Personas Comunes, Promesas Nada Comunes

Escrito el 28/12/2025
Christian Schahab

Lucas 2 

Hoy quiero que volvamos, una vez más, a todo lo que rodea el nacimiento de nuestro Salvador. 

María, comprometida con José.  

Embarazada.  

A punto de dar a luz a Jesús. 

Jesús naciendo en un pesebre.  

Pastores avisados por ángeles:  

“Esto les servirá de señal: encontrarán a un niño envuelto en pañales y acostado en un pesebre.” (Lucas 2:12) 

Sabios siguiendo una estrella que anunciaba que había nacido el Rey de los judíos. 

Dios hablándole a cada uno en su propio idioma.  

A los pastores, con ángeles.  

A los sabios, con señales en el cielo. 

Porque cuando Dios quiere anunciar una promesa, usa el lenguaje que cada persona puede  entender. 

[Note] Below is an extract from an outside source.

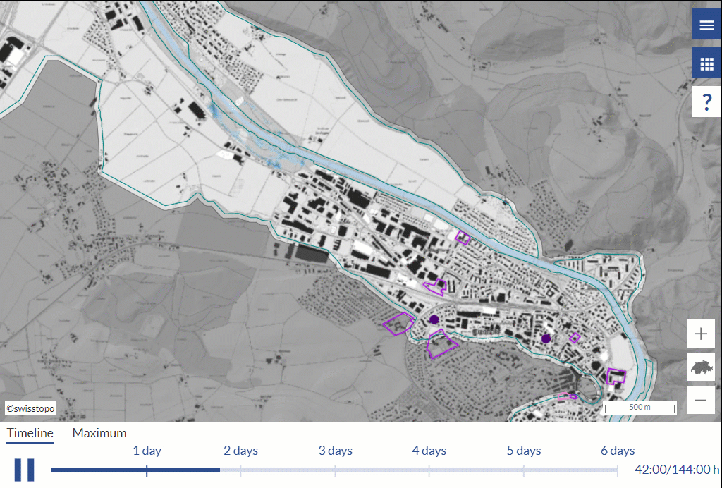 Interactive map of Switzerland that visualises the dynamic impacts of floods
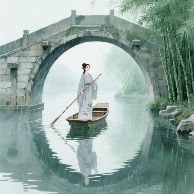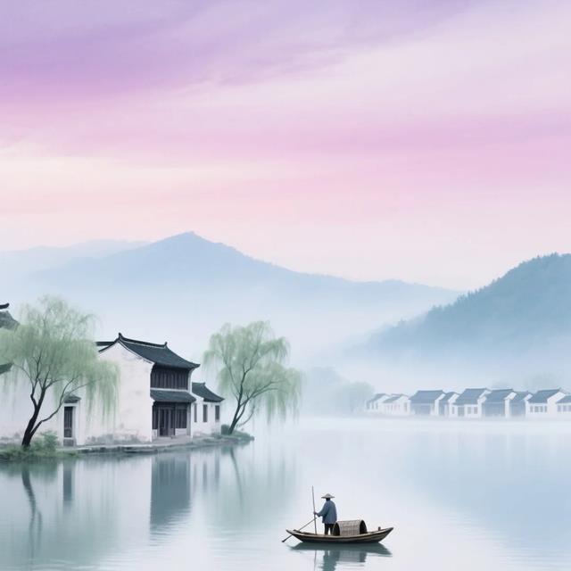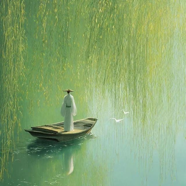 小船在若耶溪上自在漂浮;溪水与天空融为一色,悠远而宁静。

Ahora, todo eso lo conocemos.  

Lo celebramos.  

Lo predicamos cada Navidad. 

Pero hay una escena que muchas veces pasa desapercibida. 

A los ocho días de nacido Jesús, María y José lo llevan a Jerusalén, al templo, para presentarlo al  Señor y cumplir con la ley. 

Y ahí aparecen dos personas que, si no fuera por el evangelio de Lucas, no las conoceríamos  nunca. 

Simeón…  

y Ana. 

Dos personas comunes.  

Dos personas grandes.  

Dos personas que habían pasado gran parte de su vida esperando una promesa. Dice la Biblia: 

“Había en Jerusalén un hombre llamado Simeón, que era justo y devoto, y aguardaba la consolación  de Israel; y el Espíritu Santo estaba sobre él.”  (Lucas 2:25)

Y agrega algo tremendo: 

“El Espíritu Santo le había revelado que no moriría antes de ver al Cristo del Señor.”  (Lucas 2:26) 

No decía cuándo.  

No decía cómo.  

Solo decía que iba a pasar. 

Y un día, movido por el Espíritu, Simeón va al templo.  

Y justo en ese momento, José y María entran con el niño en brazos. 

Simeón toma a Jesús.  

Lo levanta.  

Y bendice a Dios diciendo: 

“Según tu palabra, Soberano Señor, ya puedes despedir a tu siervo en paz, porque mis ojos han visto tu salvación, la que has preparado a la vista de todos los pueblos: luz para iluminar a las naciones y gloria de tu pueblo Israel.”  (Lucas 2:29–32) 

 

Cuando Dios cumple una promesa, el corazón puede descansar en paz. 

Después Simeón bendice a José y a María, y profetiza sobre Jesús.  

Habla de levantamiento y de caída.  

Habla de oposición.  

Habla de una espada que atravesaría el alma de María. 

Y en ese mismo momento aparece Ana. 

“También había una profetisa, Ana… viuda desde hacía muchos años… nunca salía del templo, sino  que servía a Dios día y noche con ayunos y oraciones.”  (Lucas 2:36–37) 

Ana llega, ve al niño, reconoce lo que Dios está haciendo y: 

“Comenzó a dar gracias a Dios y a hablar del niño a todos los que esperaban la redención de  Jerusalén.”  (Lucas 2:38) 

Dos personas comunes.  

No reyes.  

No líderes famosos.  

No protagonistas visibles. 

Pero Dios quiso que sus nombres quedaran escritos para siempre. 

¿Por qué?

Porque Dios quería que entendamos algo clave: 

Personas comunes pueden recibir promesas nada comunes. 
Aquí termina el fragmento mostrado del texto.